Only the lines below starting at the one that contains "w gabinecie dyrektora" and ending at the one that contains "欧元/美元 当日内: 短期关键阻力位在1.1555。" are to be reproduced, exactly and with both ends kept.

Start of MATERIALS PROVIDED

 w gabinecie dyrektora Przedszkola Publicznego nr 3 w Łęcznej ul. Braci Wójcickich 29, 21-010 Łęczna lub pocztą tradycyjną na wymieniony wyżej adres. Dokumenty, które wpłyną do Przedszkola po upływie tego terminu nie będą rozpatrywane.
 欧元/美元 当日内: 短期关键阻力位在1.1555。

End of MATERIALS PROVIDED
Start of MATERIALS PROVIDED

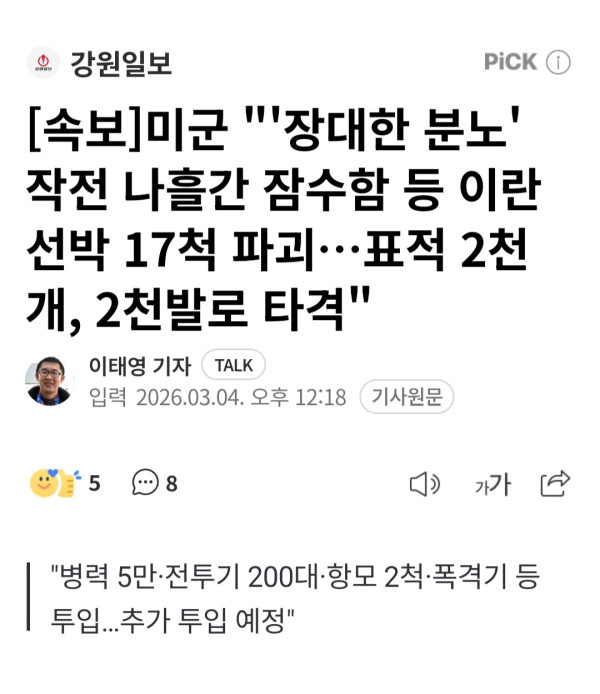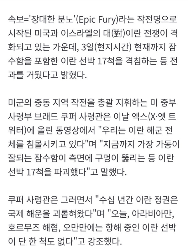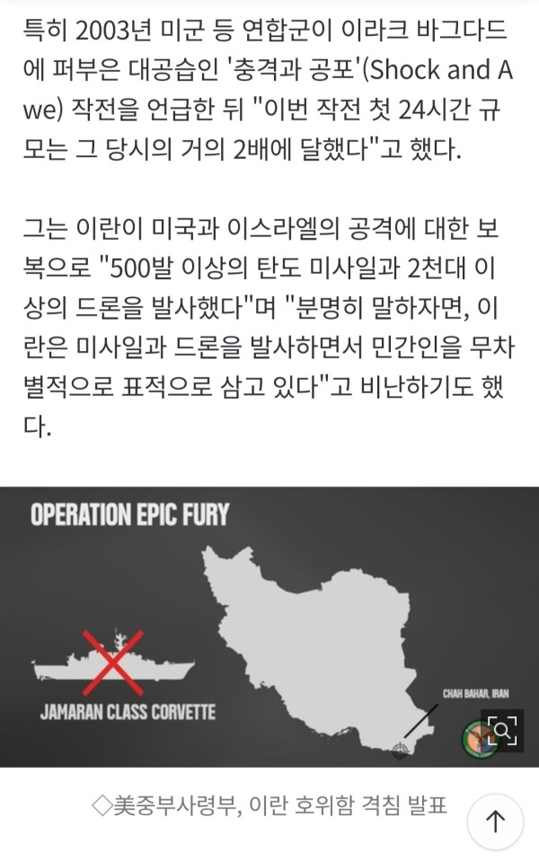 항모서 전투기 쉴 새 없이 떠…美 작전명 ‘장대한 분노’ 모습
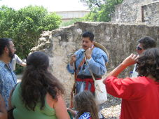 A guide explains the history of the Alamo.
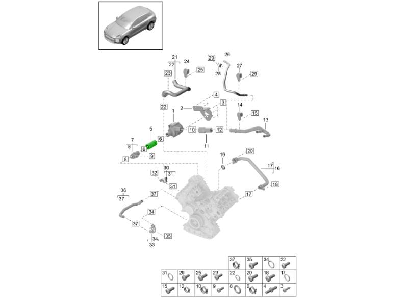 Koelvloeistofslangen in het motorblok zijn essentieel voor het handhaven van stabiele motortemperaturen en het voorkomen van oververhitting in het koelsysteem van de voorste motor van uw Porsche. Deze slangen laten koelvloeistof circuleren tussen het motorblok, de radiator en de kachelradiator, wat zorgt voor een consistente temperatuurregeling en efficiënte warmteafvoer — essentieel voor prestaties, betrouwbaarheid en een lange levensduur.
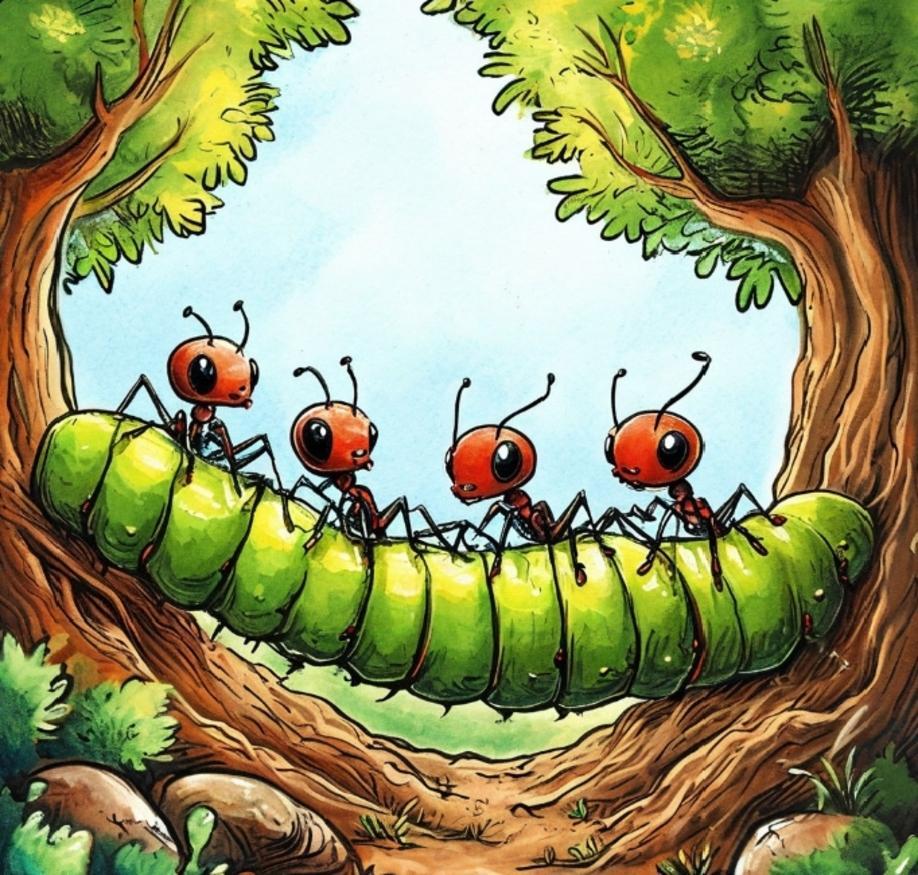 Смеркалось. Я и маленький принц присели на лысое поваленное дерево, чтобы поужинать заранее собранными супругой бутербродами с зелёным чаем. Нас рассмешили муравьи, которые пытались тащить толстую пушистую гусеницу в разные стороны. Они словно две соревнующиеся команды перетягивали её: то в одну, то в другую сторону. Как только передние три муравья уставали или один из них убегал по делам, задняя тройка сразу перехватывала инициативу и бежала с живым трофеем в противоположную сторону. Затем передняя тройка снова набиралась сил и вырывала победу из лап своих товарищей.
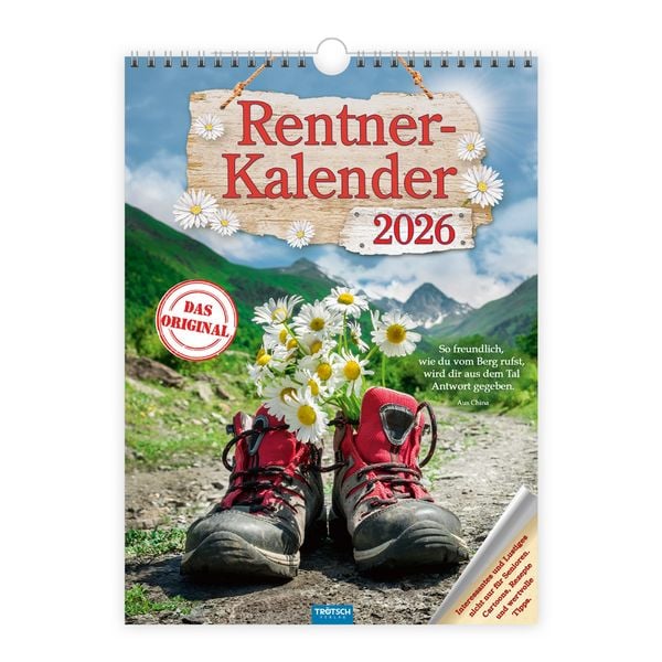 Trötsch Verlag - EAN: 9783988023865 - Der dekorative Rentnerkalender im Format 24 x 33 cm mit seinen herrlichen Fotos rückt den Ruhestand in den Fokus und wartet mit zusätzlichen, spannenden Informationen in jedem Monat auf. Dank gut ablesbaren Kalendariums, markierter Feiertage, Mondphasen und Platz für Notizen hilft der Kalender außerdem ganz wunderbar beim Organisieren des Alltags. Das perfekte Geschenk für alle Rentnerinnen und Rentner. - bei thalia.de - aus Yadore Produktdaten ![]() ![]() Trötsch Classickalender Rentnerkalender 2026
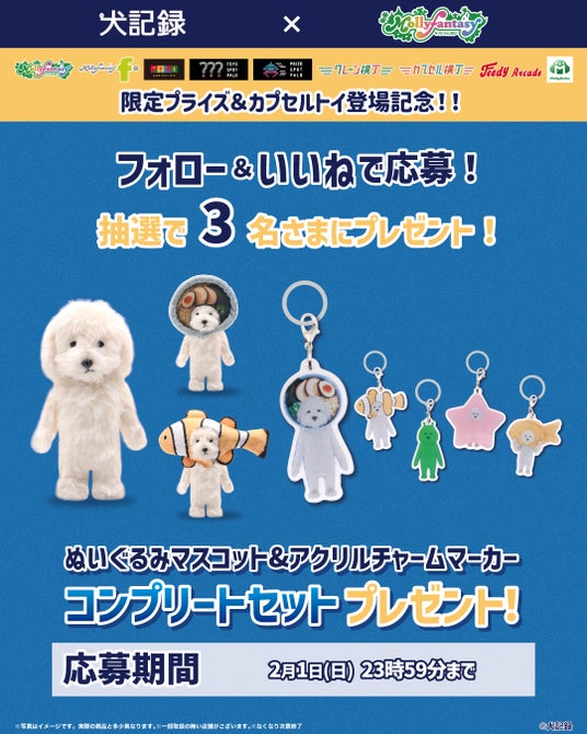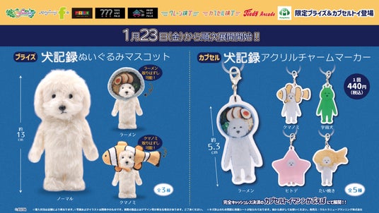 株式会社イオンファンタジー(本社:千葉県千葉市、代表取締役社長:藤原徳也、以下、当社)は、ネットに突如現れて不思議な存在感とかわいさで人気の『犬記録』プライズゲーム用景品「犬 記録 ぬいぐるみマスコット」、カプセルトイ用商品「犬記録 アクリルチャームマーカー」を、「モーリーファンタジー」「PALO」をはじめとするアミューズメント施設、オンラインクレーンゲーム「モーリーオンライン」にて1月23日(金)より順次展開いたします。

End of MATERIALS PROVIDED

## TASK ANSWER
 w gabinecie dyrektora Przedszkola Publicznego nr 3 w Łęcznej ul. Braci Wójcickich 29, 21-010 Łęczna lub pocztą tradycyjną na wymieniony wyżej adres. Dokumenty, które wpłyną do Przedszkola po upływie tego terminu nie będą rozpatrywane.
 欧元/美元 当日内: 短期关键阻力位在1.1555。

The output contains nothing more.